Material to process:
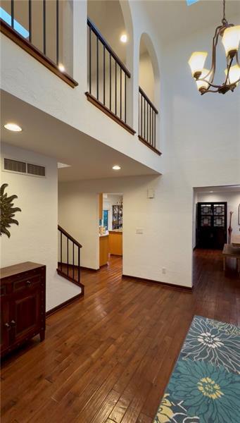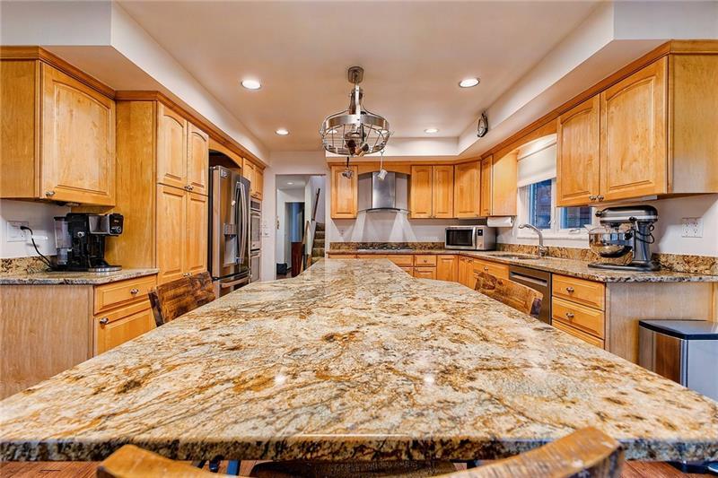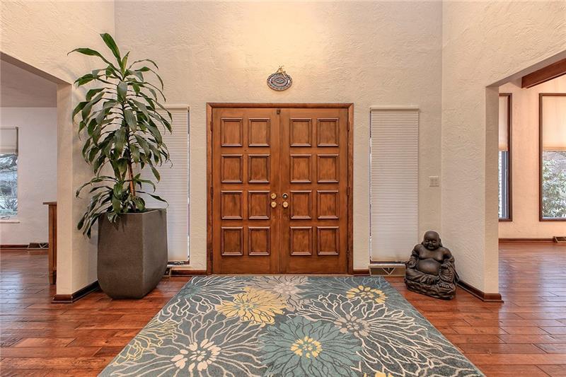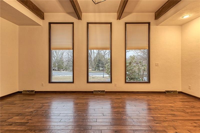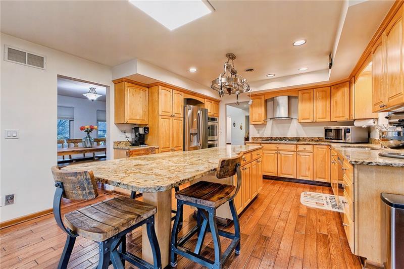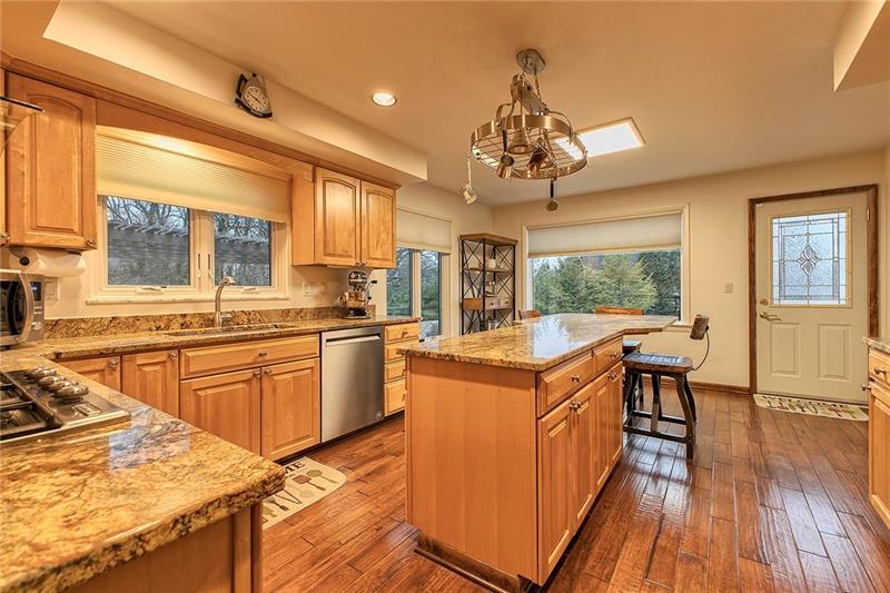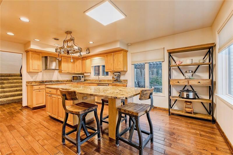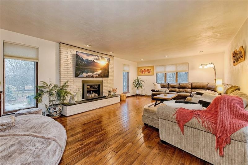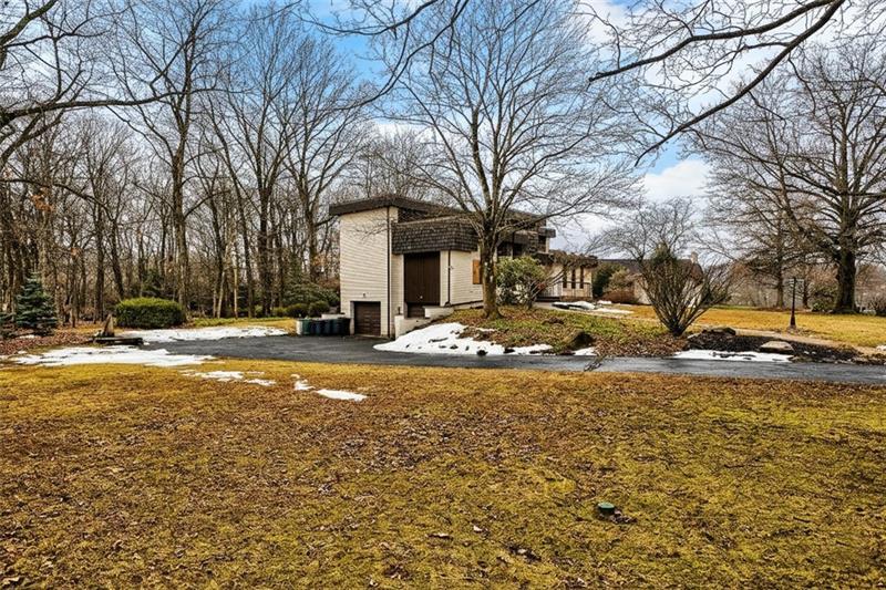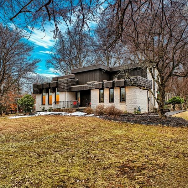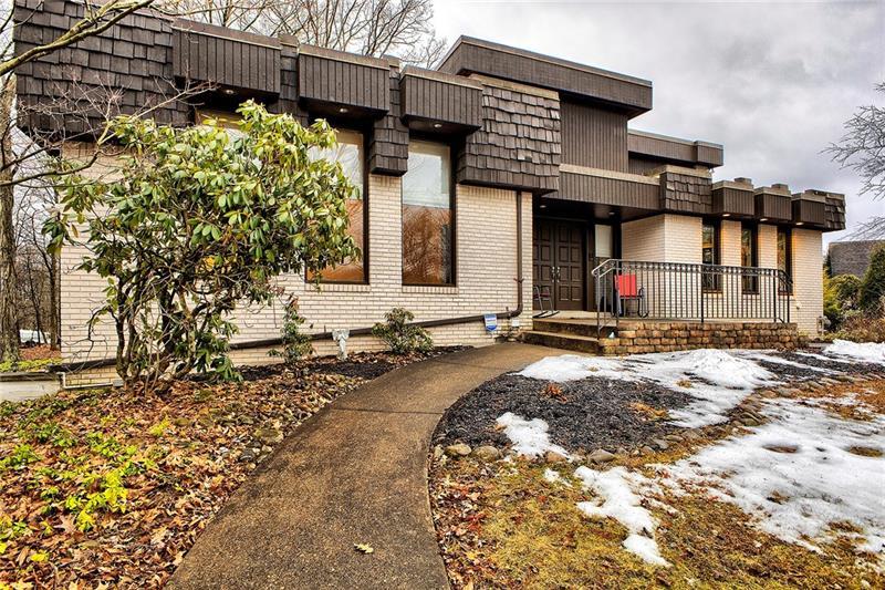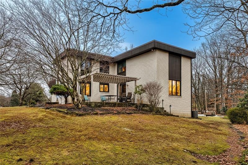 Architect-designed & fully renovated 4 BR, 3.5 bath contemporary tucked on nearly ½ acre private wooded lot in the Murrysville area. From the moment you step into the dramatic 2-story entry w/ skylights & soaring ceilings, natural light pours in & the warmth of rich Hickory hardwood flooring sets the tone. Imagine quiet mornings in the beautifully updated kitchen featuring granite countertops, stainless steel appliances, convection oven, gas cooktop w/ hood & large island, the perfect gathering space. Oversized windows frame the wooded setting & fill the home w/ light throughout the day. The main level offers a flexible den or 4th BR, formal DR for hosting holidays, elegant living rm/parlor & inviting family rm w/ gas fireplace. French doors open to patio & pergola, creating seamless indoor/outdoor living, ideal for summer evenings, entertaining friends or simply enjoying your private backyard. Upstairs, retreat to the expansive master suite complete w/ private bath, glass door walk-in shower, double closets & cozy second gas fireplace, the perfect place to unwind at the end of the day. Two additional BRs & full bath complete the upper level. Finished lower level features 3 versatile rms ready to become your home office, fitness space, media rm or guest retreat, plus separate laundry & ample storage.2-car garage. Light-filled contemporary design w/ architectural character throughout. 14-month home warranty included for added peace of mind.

==

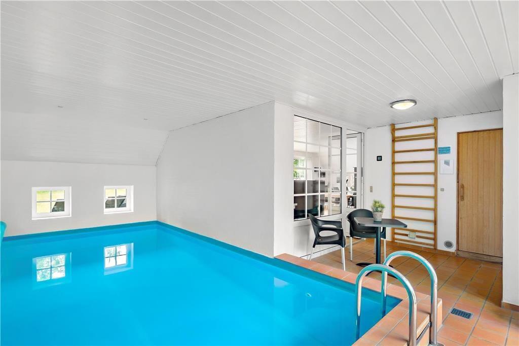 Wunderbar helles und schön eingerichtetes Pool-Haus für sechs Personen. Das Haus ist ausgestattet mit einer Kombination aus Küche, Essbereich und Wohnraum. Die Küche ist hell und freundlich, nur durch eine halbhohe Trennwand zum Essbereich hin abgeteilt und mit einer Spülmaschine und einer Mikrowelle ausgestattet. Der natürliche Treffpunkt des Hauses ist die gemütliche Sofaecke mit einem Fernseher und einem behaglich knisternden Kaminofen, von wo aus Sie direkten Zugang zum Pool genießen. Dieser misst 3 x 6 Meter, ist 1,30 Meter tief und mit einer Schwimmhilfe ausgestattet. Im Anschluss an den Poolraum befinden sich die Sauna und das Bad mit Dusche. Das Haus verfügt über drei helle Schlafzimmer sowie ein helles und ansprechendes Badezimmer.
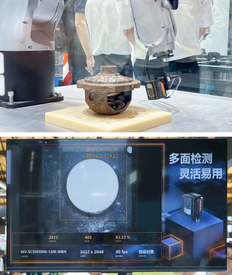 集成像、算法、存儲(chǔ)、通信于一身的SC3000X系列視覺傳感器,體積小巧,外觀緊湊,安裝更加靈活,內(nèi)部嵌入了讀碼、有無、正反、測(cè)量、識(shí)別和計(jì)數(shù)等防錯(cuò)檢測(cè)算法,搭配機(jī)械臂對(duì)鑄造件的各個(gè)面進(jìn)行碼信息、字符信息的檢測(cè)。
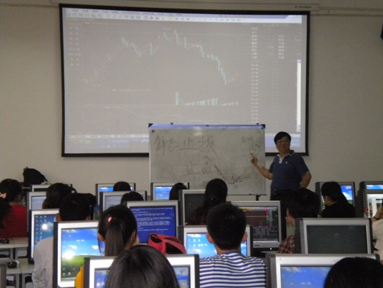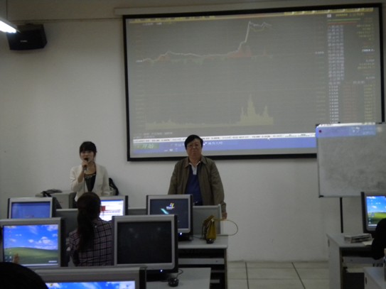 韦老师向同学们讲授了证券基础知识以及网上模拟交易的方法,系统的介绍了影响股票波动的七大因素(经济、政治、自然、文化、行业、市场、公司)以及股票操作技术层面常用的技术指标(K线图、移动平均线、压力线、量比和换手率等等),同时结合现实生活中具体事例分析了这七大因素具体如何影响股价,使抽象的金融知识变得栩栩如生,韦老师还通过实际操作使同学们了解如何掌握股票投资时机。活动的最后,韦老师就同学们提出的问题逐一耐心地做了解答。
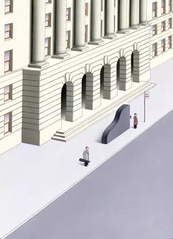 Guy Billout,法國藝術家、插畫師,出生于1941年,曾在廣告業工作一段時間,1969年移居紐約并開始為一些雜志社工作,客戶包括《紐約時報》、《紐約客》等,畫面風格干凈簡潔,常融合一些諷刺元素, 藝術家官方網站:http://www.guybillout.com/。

About this task:
From the entries above, copy exactly the lines starting at the one with "集成像、算法、存儲(chǔ)" and stopping at the one with "韦老师向同学们讲授了证券基础", keeping both ends. Drop the pictures.

Response box:
 集成像、算法、存儲(chǔ)、通信于一身的SC3000X系列視覺傳感器,體積小巧,外觀緊湊,安裝更加靈活,內(nèi)部嵌入了讀碼、有無、正反、測(cè)量、識(shí)別和計(jì)數(shù)等防錯(cuò)檢測(cè)算法,搭配機(jī)械臂對(duì)鑄造件的各個(gè)面進(jìn)行碼信息、字符信息的檢測(cè)。
 韦老师向同学们讲授了证券基础知识以及网上模拟交易的方法,系统的介绍了影响股票波动的七大因素(经济、政治、自然、文化、行业、市场、公司)以及股票操作技术层面常用的技术指标(K线图、移动平均线、压力线、量比和换手率等等),同时结合现实生活中具体事例分析了这七大因素具体如何影响股价,使抽象的金融知识变得栩栩如生,韦老师还通过实际操作使同学们了解如何掌握股票投资时机。活动的最后,韦老师就同学们提出的问题逐一耐心地做了解答。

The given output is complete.